Unfortunately I haven't been able to re-find the original SO question that inspired this tool. :(
uuid-enumerate [shard_number/shard_count]
Prints all the UUIDs to stdout. If sharding, the shard number is zero-based and the shard count must be a power of two.
./X-uuid-generate
Invoke the cheat code. If (argv[0][2] == 'X')
then run in a
restricted mode that only traverses 32 bits worth of UUID space, for
testing and benchmarking purposes.
uuid-enumerate 1/8
Enumerate UUIDs, as the second of 8 shards.

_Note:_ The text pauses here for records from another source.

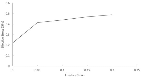 For the material properties, the modulus of elasticity for tensile loading is the maximum slope of the stress–volumetric strain curve . The tensile cut-off value is taken from the average tensile strength of the battery cell, which is . The Poisson’s ratio was assumed to be 0.01 due to the porosity of the battery’s cell. The density of the foam was assumed to be , which is calculated from the battery’s weight and volume . Table 10 and Figure 10 will display the material property of the battery’s foam.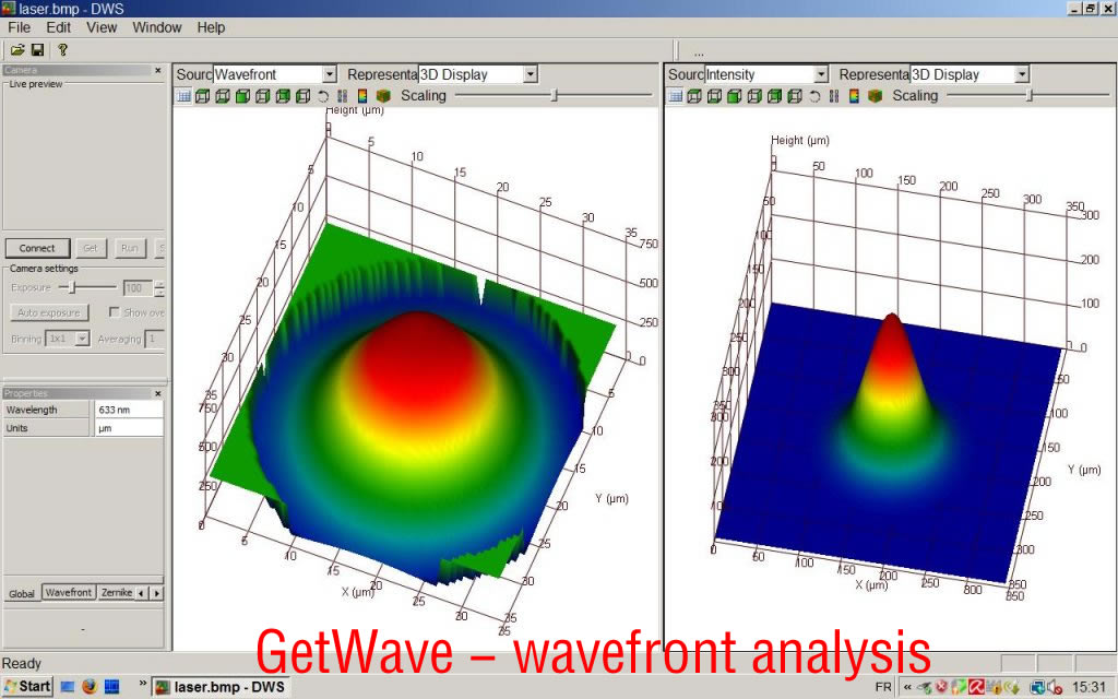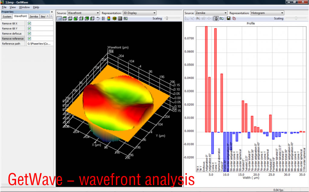 我们的传感器配有GetLase® 用于所有激光束参数和GetWave®的即时诊断的GUI软件图形用户界面软件与全面的波前分析工具,包括,Zernike,MTF和PSF。已成功用于以下应用程序: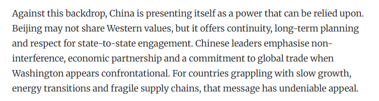 文章認為,在此背景下,中國是可靠力量。中國提供了連續(xù)性、長期規(guī)劃和尊重國家間的交流。中國強調不干涉、經濟伙伴關系和對維護全球貿易。對于那些正面臨增長緩慢、能源轉型和供應鏈脆弱的國家來說,這一主張具有不可否認的吸引力。另外,中國與美國不同,中國并不要求合作時必須實現意識形態(tài)上的一致性。中國提供市場、投資和交流。在不確定的時代,這些反而更體現了一種穩(wěn)定。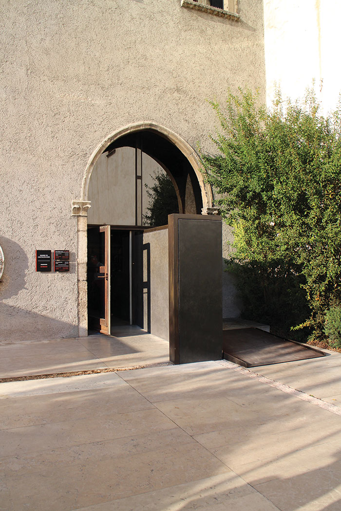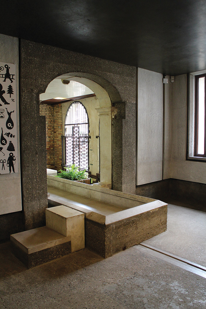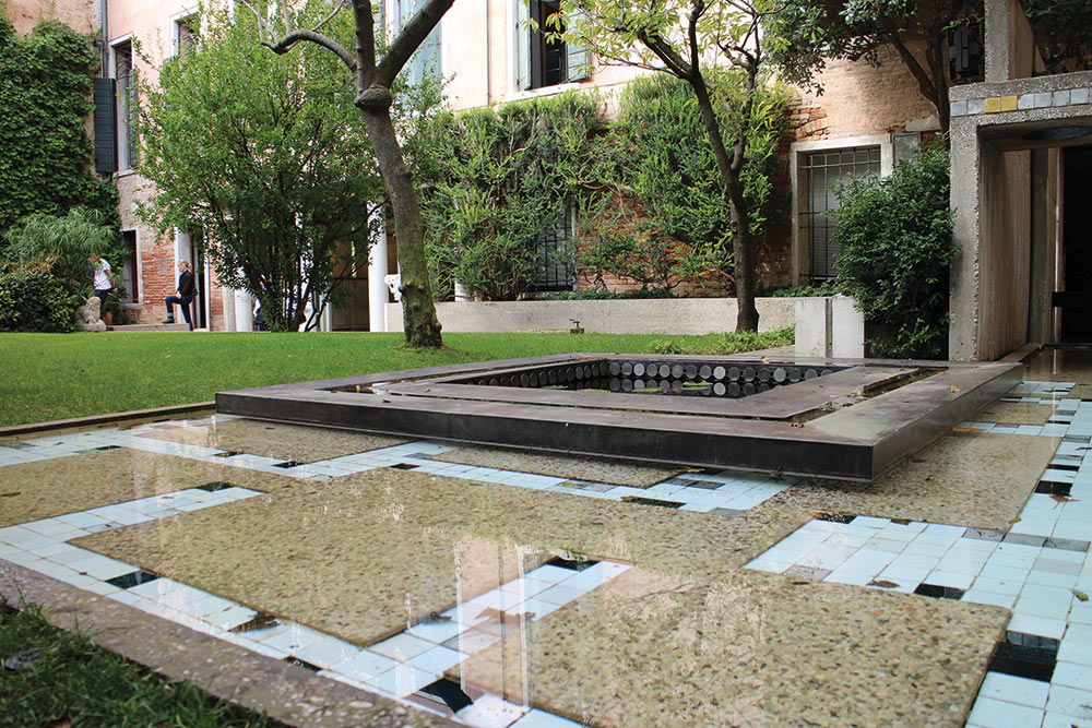 Tahun 1959-61, Carlo Scarpa mendesain restorasi lantai dasar Fondazione Querini Stampalia untuk mengakomodasikan ruang serba guna, galeri temporer dan taman dalam. Proyek ini kemudian berhasil menghadirkan intervensi arsitektur yang merangkul fenomena pasang surut air kanal tempat air dapat masuk ke dalam sebagian ruangan lantai dasar. Scarpa membatasi “kanal” air di dalam gedung menggunakan material batu Istria yang memang lazim digunakan di kota Venezia. Fitur desain detail kuningan di antara batu Travertine pada dinding ruang serba guna ini merupakan solusi desain dari Scarpa untuk menggantungkan barang seni pada dinding tanpa harus merusak dinding batu dengan lubang paku.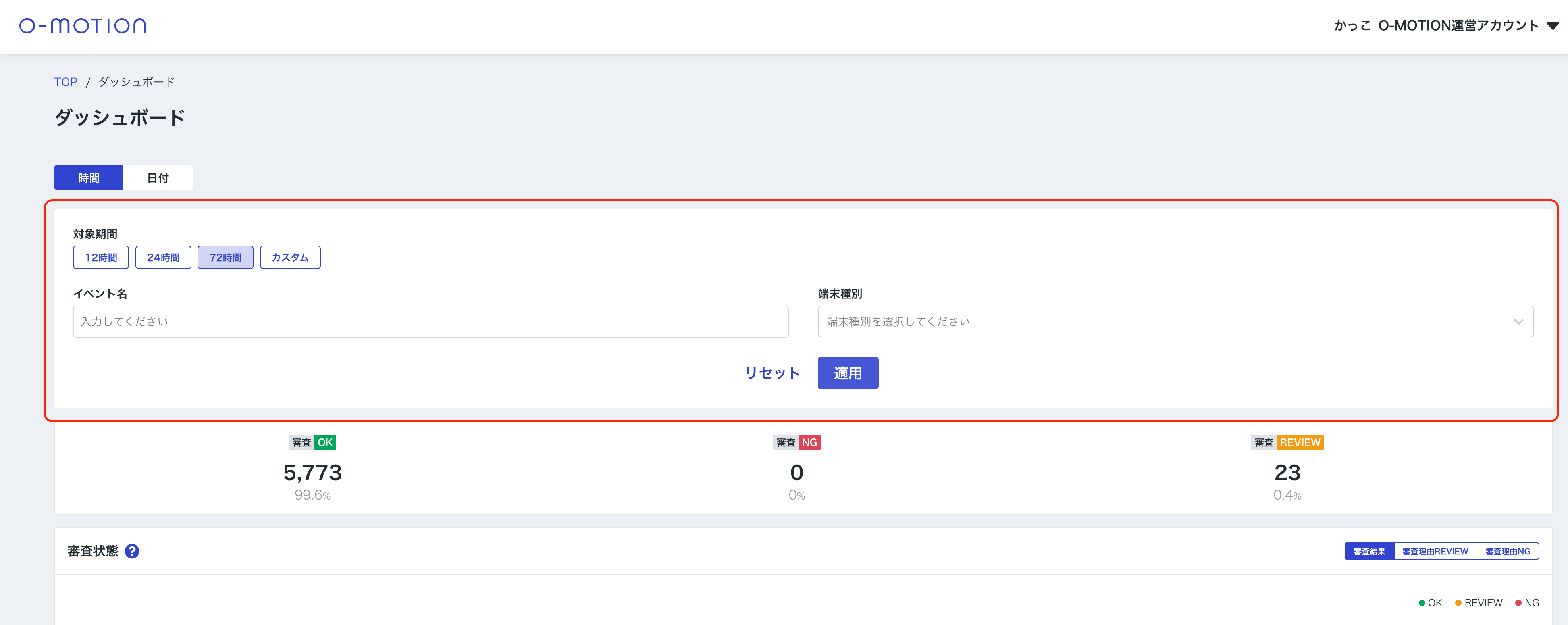 | 審査結果 | 審査結果の件数割合やREVIEW/NG判定審査の審査結果理由の割合。 |

clang -O3 -o uuid-enumerate uuid-enumerate.c
(or gcc if you prefer)
There's a significant speedup from -O3
- the loops get unrolled,
multiplication converted to serial addition, direct byte access from the
uint64_t
registers instead of shifts.
On a 2021 MBP (Apple M1 Pro):
rfc6919@mbp ~ % clang -O3 -o X-uuid-enumerate uuid-enumerate.c rfc6919@mbp ~ % time ./X-uuid-enumerate > /dev/null ./X-uuid-enumerate > /dev/null 24.77s user 0.10s system 98% cpu 25.235 total
This prints 2^32 text-formatted UUIDs (almost 160GB) to /dev/null
in
less than 25 seconds. Not bad!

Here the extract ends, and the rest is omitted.